WORK ITEM
Down to the last line below, write out every line exactly, starting with the one that contains "レディース ウィンターフラワー ジャカード タッセル ショール" and leaving out the pictures.
■ ■ ■ ■ ■ ■ ■
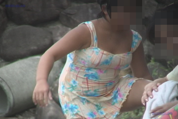 川のほとりでたたずむビキニ娘が登場!
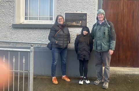 Descendants of Limerick man Professor William O'Shaughnessy were in Foxford last week to view the plaque on the former Music School that commemorates the pageant which was staged in 1942 to mark the golden jubilee of the local Woollen Mills. Professor O'Shaughnessy composed the music for the elaborate production.
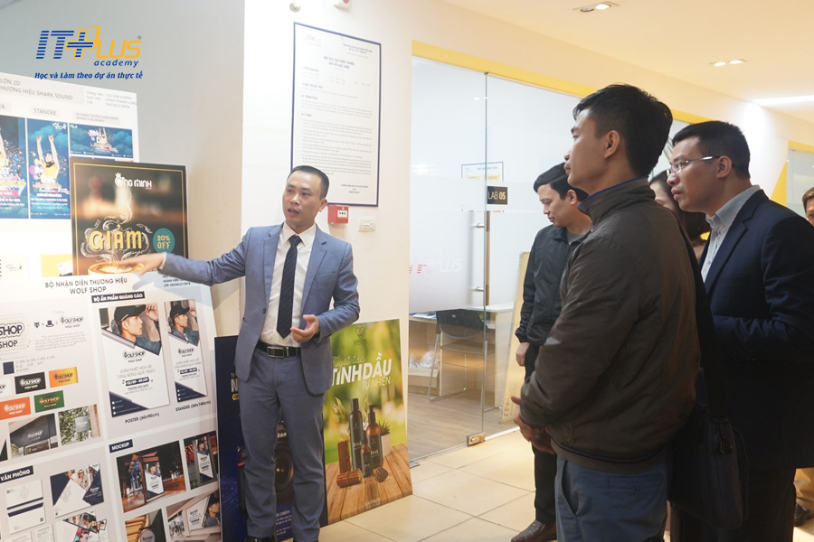 Trước tiên, ông Hoàng Văn Thắng - giám đốc ITPlus dẫn đoàn đại biểu của khoa CNTT - trường ĐH Sư phạm Kỹ thuật Hưng Yên tham quan cơ sở vật chất và giới thiệu các bộ sản phẩm học viên của ITPlus. Chia sẻ về sản phẩm học viên, giám đốc ITPlus rất tự hào bởi đây là yếu tố cốt lõi của ITPlus. Sau khi học thiết kế đồ họa chuyên nghiệp ở đây, các bạn học viên có thể làm việc ngay cho các doanh nghiệp với khả năng thiết kế bộ nhận diện thương hiệu ấn tượng, độc đáo, hiệu quả thực tế cao.
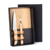Kit para Churrasco em Bambu/Inox. Acompanha tábua em Bambu de 32 cm com sulco; faca 7” em Bambu/Inox e garfo trinchante em Madeira/Inox.
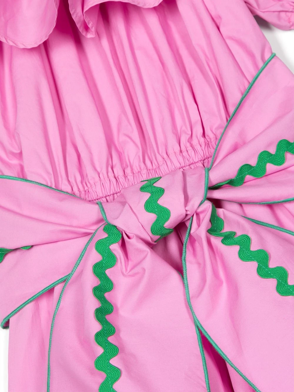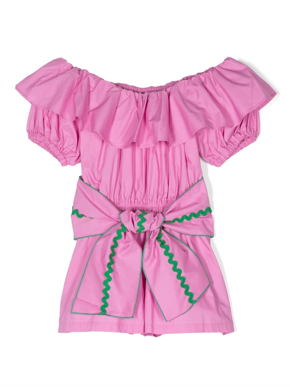 Lyserød, bomuld, flæsedetalje, samlet detalje, off-shoulder, bådudskæring, korte pufærmer, bælte i taljen, lige søm, lårhøj.
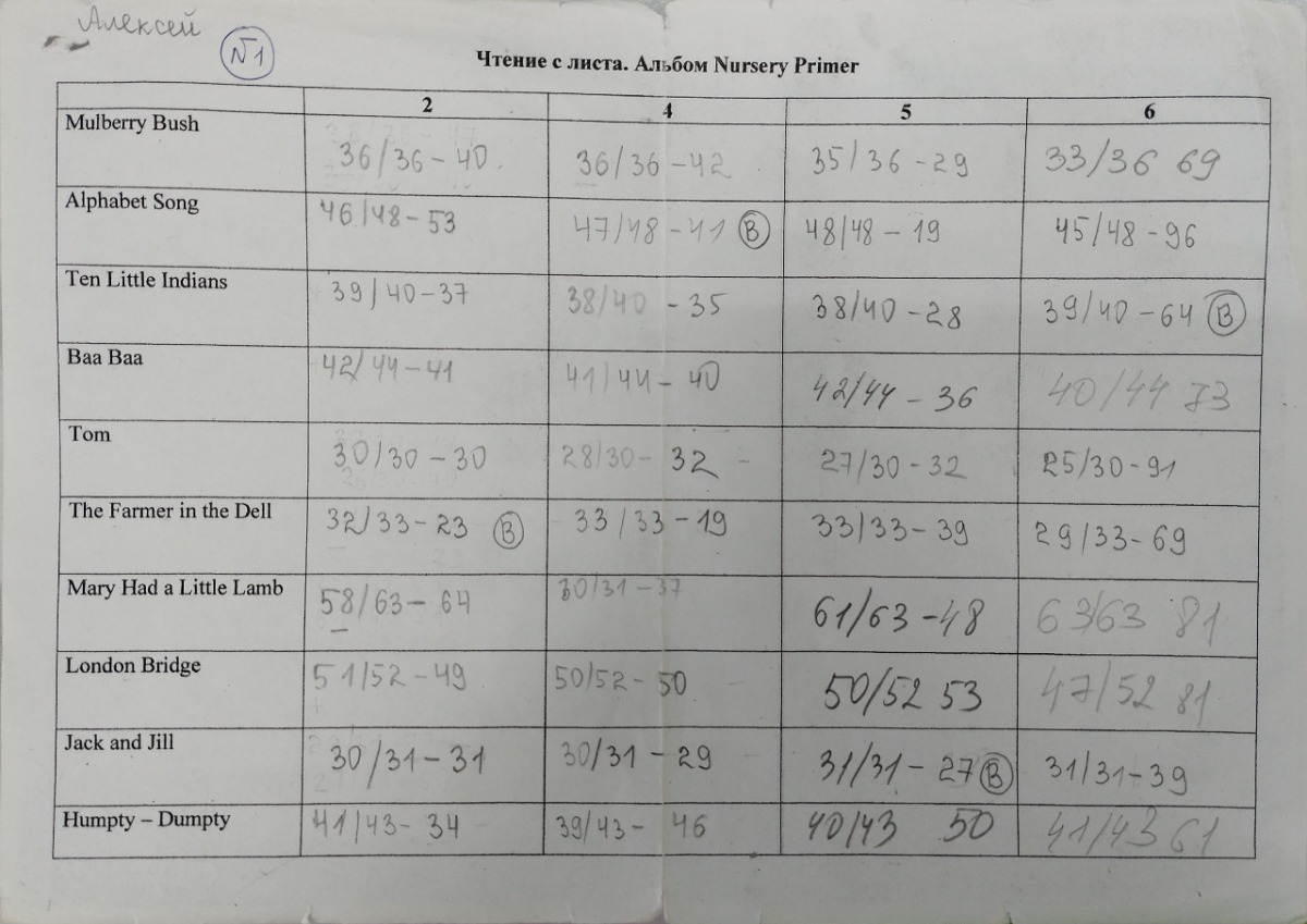 Чтение с листа альбом Nursery Primer (таблица с результатами, 4 видео)
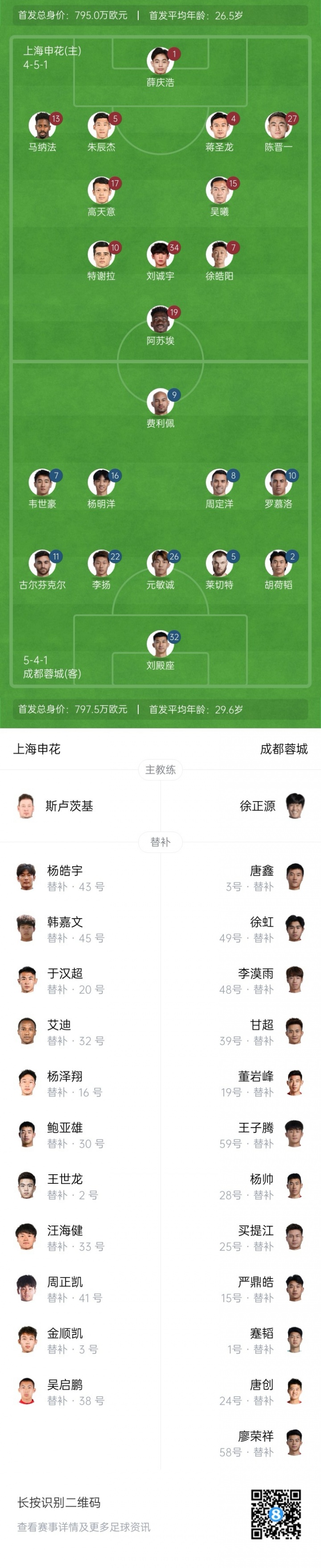 中超联赛第25轮上海申花vs成都蓉城首发名单
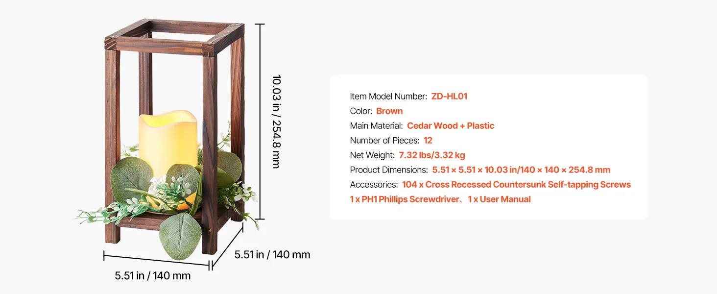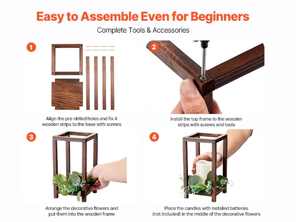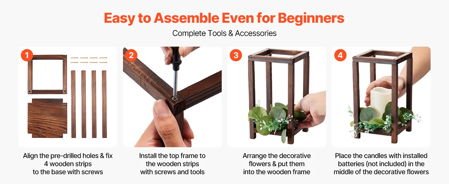 These wood lanterns come with matching screws, tools, and a detailed illustrated user manual. The installation process is clear and simple without additional tools needed. Even beginners can finish assembling and arranging the lantern with ease.
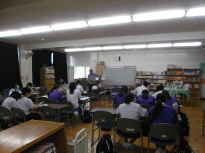 「ますは自分の身を守る。」その次に、「自分にできることを考える。」「地域の人々のために協力する。」自分のいのちを守る行動をとることの重要性がよくわかるお話でした。ご指導いただき、有難うございました。
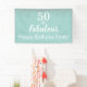Bannière de 50 et fabuleuse cinquantenaire en turquoise clair avec une typographie élégante et moderne et des confettis de parties scintillant pour ajouter un peu d'éclat à votre décor spécial fête. Personnalisable, il peut être utilisé pour n'importe quel âge.
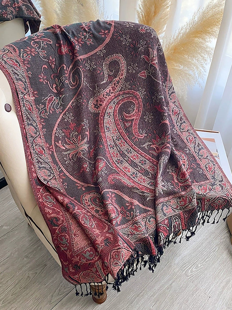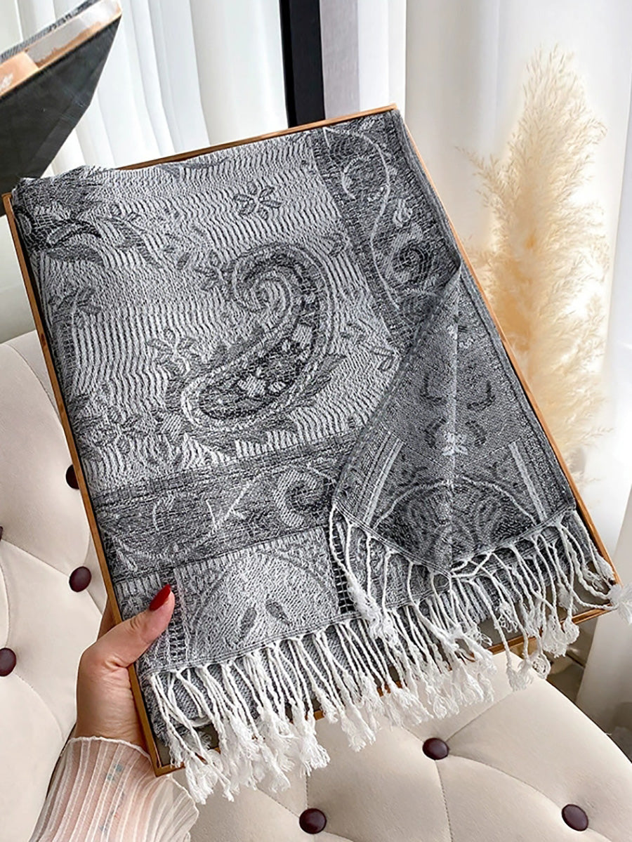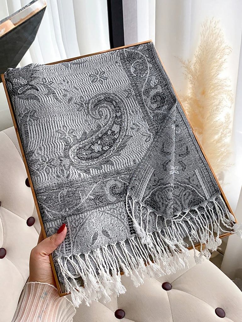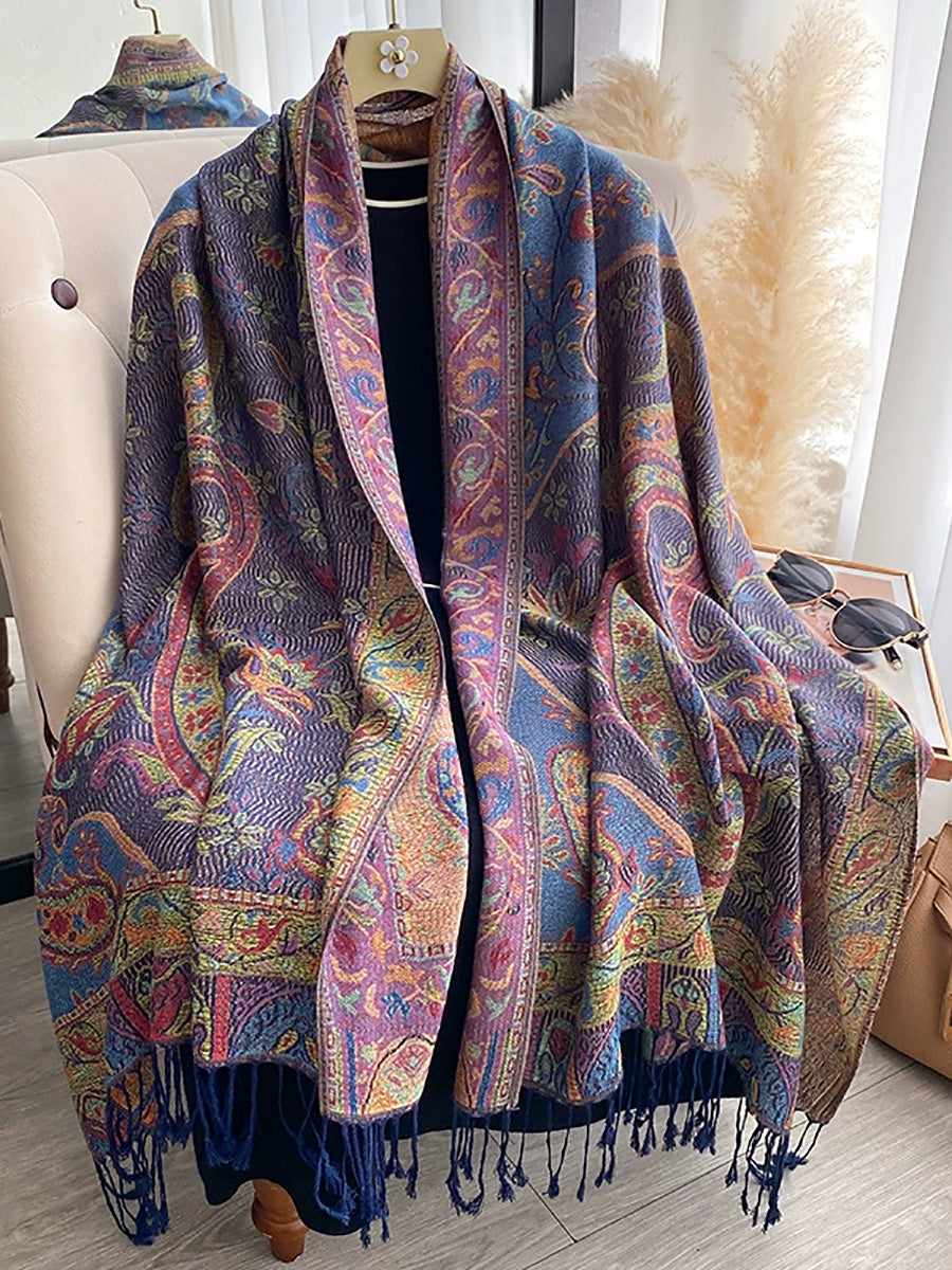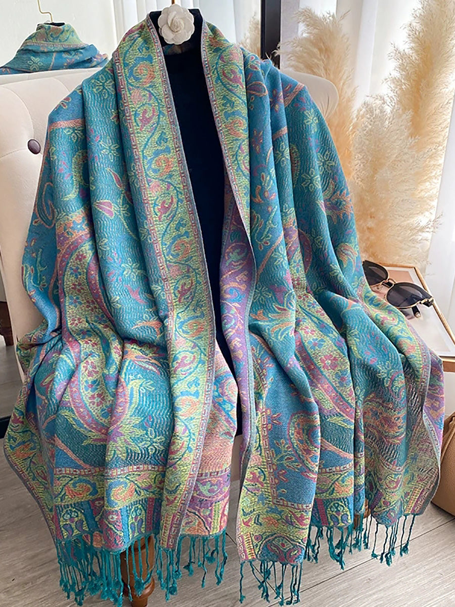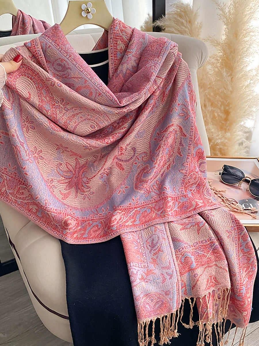レディース ウィンターフラワー ジャカード タッセル ショール
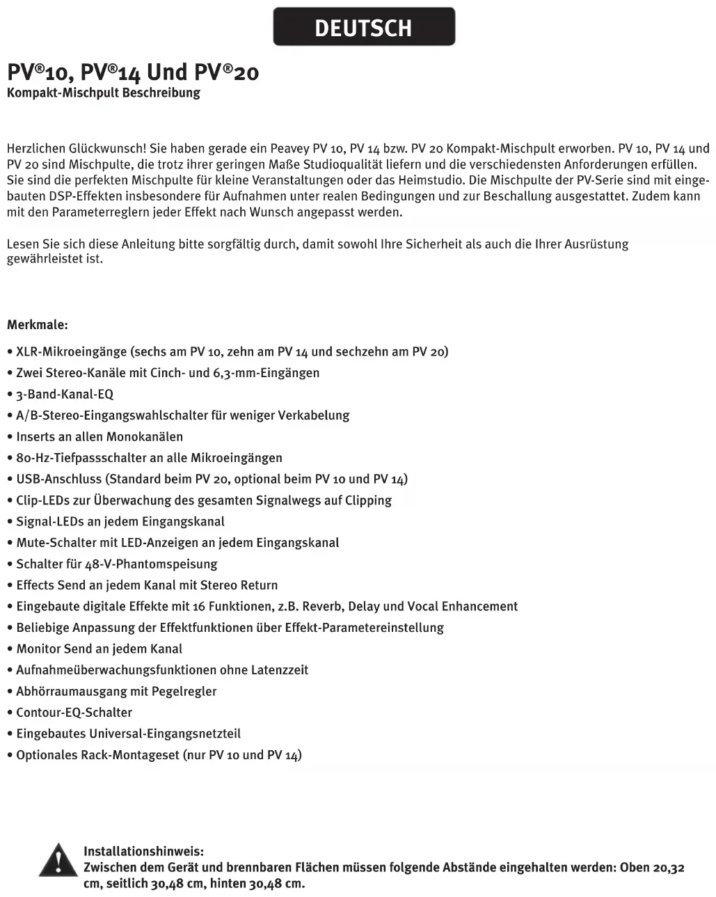 Kompakt-Mischpult Beschreibung Herzlichen Glückwunsch! Sie haben gerade ein Peavey PV 10, PV 14 bzw. PV 20 Kompakt-Mischpult erworben. PV 10, PV 14 und PV 20 sind Mischpulte, die trotz ihrer geringen Maße Studioqualität liefern und die verschiedensten Anforderungen erfüllen. Sie sind die perfekten Mischpulte für kleine Veranstaltungen oder das Heimstudio. Die Mischpulte der PV-Serie sind mit einge- bauten DSP-Effekten insbesondere für Aufnahmen unter realen Bedingungen und zur Beschallung ausgestattet. Zudem kann mit den Parameterreglern jeder Effekt nach Wunsch angepasst werden. Lesen Sie sich diese Anleitung bitte sorgfältig durch, damit sowohl Ihre Sicherheit als auch die Ihrer Ausrüstung gewährleistet ist. Merkmale:
■ ■ ■ ■ ■ ■ ■
EXERCISE SOLUTION
レディース ウィンターフラワー ジャカード タッセル ショール
 Kompakt-Mischpult Beschreibung Herzlichen Glückwunsch! Sie haben gerade ein Peavey PV 10, PV 14 bzw. PV 20 Kompakt-Mischpult erworben. PV 10, PV 14 und PV 20 sind Mischpulte, die trotz ihrer geringen Maße Studioqualität liefern und die verschiedensten Anforderungen erfüllen. Sie sind die perfekten Mischpulte für kleine Veranstaltungen oder das Heimstudio. Die Mischpulte der PV-Serie sind mit einge- bauten DSP-Effekten insbesondere für Aufnahmen unter realen Bedingungen und zur Beschallung ausgestattet. Zudem kann mit den Parameterreglern jeder Effekt nach Wunsch angepasst werden. Lesen Sie sich diese Anleitung bitte sorgfältig durch, damit sowohl Ihre Sicherheit als auch die Ihrer Ausrüstung gewährleistet ist. Merkmale:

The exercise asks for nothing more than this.